▶ [WHAT IS BEING ASKED]
Looking at the listing below, retype exactly the lines starting at the one containing "The Thermoworks app" and ending at the one containing "改造后的餐廳增加了儲物與展示", both included, and nothing else.

▶ [MATERIAL SHOWN]
########################################
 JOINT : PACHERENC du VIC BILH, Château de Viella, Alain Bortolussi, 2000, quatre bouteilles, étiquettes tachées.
########################################
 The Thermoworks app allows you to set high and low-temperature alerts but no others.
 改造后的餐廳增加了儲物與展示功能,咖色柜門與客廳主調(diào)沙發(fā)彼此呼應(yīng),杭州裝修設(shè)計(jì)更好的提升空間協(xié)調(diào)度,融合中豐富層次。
########################################
▶ [YOUR SOLUTION]
 The Thermoworks app allows you to set high and low-temperature alerts but no others.
 改造后的餐廳增加了儲物與展示功能,咖色柜門與客廳主調(diào)沙發(fā)彼此呼應(yīng),杭州裝修設(shè)計(jì)更好的提升空間協(xié)調(diào)度,融合中豐富層次。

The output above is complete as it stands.